Hadithi? Hadithi? Hadithi njoo, ukweli njoo, Utamu kolea.

Giza ya? Sahani ya? Nipe mji?

Whether you’re a knight looking for a horse, a maiden looking for fiya, or a youth looking for a bride, in Russian folk tales you usually end up deep in the forest.

On your journey, you may stumble upon a house, walking, hopping, twirling or spinning on chicken legs. The door is made of human bones, the bolts of human fingers; the lock is a mouth of grinning death….This is not a place of rational logic.

The proprietor of this remarkable house is an ancient hag, Baba Yaga, who may swoop down on you in her mortar and pestle as you ride. A broom trails behind her, wiping out any traces of her comings and goings, for she cannot be pinned down.

With cackling laugh en eyes that become like points of fiya, she asks what you seek. You must stand up to her boldly and declare what it is that you want.

“the kingdom ten times ten”; “a knightly horse, Granma, to retrieve my lost bride”; “ the well with the wotas of life en death”; “i have come to ask for fiya”…..

Now these are no ordinary requests. One does not venture deep into the forest without good reason. One has already felt some loss, something missing, in the ordinary routines of life. One has began to search in the depths of the unconscious for what is essential to growth, to change, to wholeness.

Infact the hag, the witch, the wisdom energy of such Goddesses, do not appear in dreams until the traveler is strong enough to be vulnerable. The ego has to have surrendered some of its defensive control before it can tolerate confronting such energy. Then she appears, without ceremony, and, after determining whether your search is legitimate or not,she has one more question, “Do you come here of your own free will, or do you come by compulsion?” or “Have you come to do good deeds or to flee from deeds?

This is the test of how ready you are to proceed in your quest. If you say, “Ya prishla of my own free will”, your bones will become part of  her masquerade costume. If, on the other hand, you say, “I have come by compulsion,” your head will, likewise, go on the post awaiting it.

The test is simply this, “Have you become conscious enough to go beyond duality?”…..Baba Yaga challenges us to go beyond that stage of development [back] to our ancient both/and [of different] worlds……

This is the judgement of Maat. She does not assign any judgement or rewards for keeping rules or practices. She weighs the heart. If the heart is in balance, the process is complete; if it is not in balance the process will continue. On whichever side of her scale we are trapped, we must start again painfully from there. In the Old Testament, she is Wisdom. She is the supreme treasure.
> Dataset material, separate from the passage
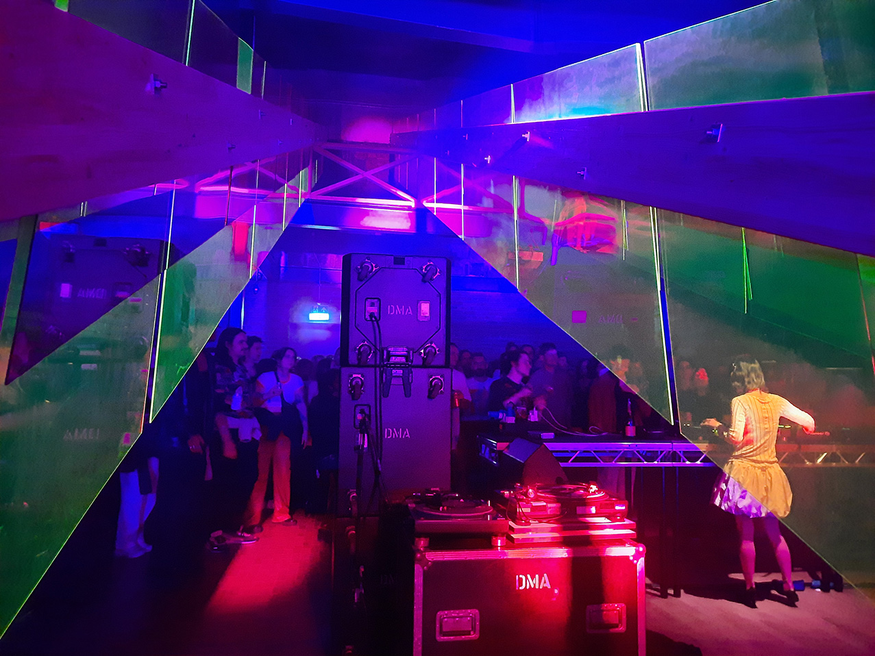 Pardes is both a sculpture and a place. It is my first for a dark light space, here, a restored former fruit warehouse. Pardes is the ancient name for an orchard or walled garden and has evolved from my research into the growing cultures and landscapes of Scotland – the ‘leaning’, geometric nature of growth and planting expressed through the slopes of the Clydesdale Valley and Newburgh where orchard culture flourished, as well as historic glasshouses. From this I have grafted an abstract, minimalist work pared back in lockdown to its core essentials, mirroring my own questions during this time of ‘what really matters.’ Pardes flies through the warehouse from ceiling to floor, its live-edge Plexiglas gathering available light and pushing it to the edges to make a gloaming work, literally and metaphorically holding the space. Echoing the ancient uses of gardens, Pardes transforms from a place for contemplation to one of gathering and others creation. Over its life the work will host riotous club nights, new performance art, film screenings and more. I am interested in the generative nature of minimalism, paring something back can open up conversation and meaning.
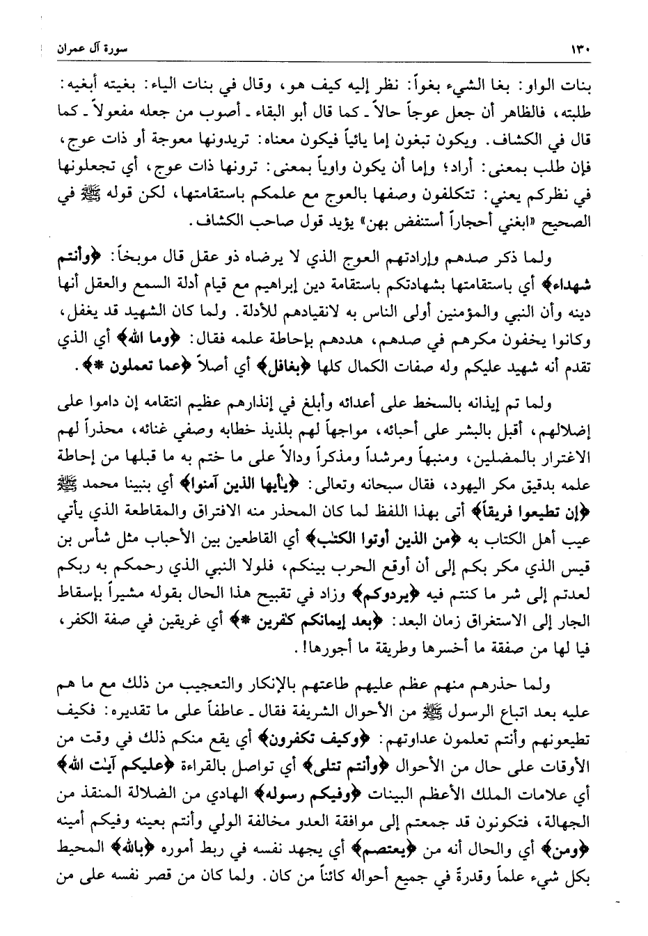 ويكون تبغون إما يائياً فيكون معناه : تريدونها معوجة أو ذات عوج ، فإن طلب بمعنى : أراد ؛ وإما أن يكون واوياً بمعنى : ترونها ذات عوج ، أي تجعلونها في نظركم يعني : تتكلفون وصفها بالعوج مع علمكم باستقامتها ، لكن قوله ( صلى الله عليه وسلم ) في الصحيح ( ابغني أحجاراً أستنفض بهن ) يؤيد قول صاحب الكشاف .

I have directed my soul toward her

And in purity I have found her;

Having my heart fixed on her from the outset,

I shall neva be deserted

[ase]

[reinscribed in Ecclesiasticus 51:20]

[for mo' stories read Dancing in the Flames: The Dark Goddess in the Transformation of Consciousness]

Hapo mwezi ya kale……kulikuwa na notice from Chief Arvol Looking Horse

(of) A Great Urgency: To All World Religious and Spiritual Leaders

My Relatives,

Time has come to speak to the hearts of our Nations and their Leaders. I ask you this from the bottom of my heart, to come together from the Spirit of your Nations in prayer.

We, from the heart of Turtle Island, have a great message for the World; we are guided to speak from all the White Animals showing their sacred color, which have been signs for us to pray for the sacred life of all things. As I am sending this message to you, many Animal Nations are being threatened, those that swim, those that crawl, those that fly, and the plant Nations, eventually all will be affected from the oil disaster in the Gulf.

The dangers we are faced with at this time are not of spirit. The catastrophe that has happened with the oil spill which looks like the bleeding of Grandmother Earth, is made by human mistakes, mistakes that we cannot afford to continue to make.

I ask, as Spiritual Leaders, that we join together, united in prayer with the whole of our Global Communities. My concern is these serious issues will continue to worsen, as a domino effect that our Ancestors have warned us of in their Prophecies.

I know in my heart there are millions of people that feel our united prayers for the sake of our Grandmother Earth are long overdue. I believe we as Spiritual people must gather ourselves and focus our thoughts and prayers to allow the healing of the many wounds that have been inflicted on the Earth.

As we honor the Cycle of Life, let us call for Prayer circles globally to assist in healing Grandmother Earth (our Unc¹I Maka).

We ask for prayers that the oil spill, this bleeding, will stop. That the winds stay calm to assist in the work. Pray for the people to be guided in repairing this mistake, and that we may also seek to live in harmony, as we make the choice to change the destructive path we are on.

As we pray, we will fully understand that we are all connected. And that what we create can have lasting effects on all life.

So let us unite spiritually, All Nations, All Faiths, One Prayer. Along with this immediate effort, I also ask to please remember June 21st, World Peace and Prayer Day/Honoring Sacred Sites day. Whether it is a natural site, a temple, a church, a synagogue or just your own sacred space, let us make a prayer for all life, for good decision making by our Nations, for our children¹s future and well-being, and the generations to come.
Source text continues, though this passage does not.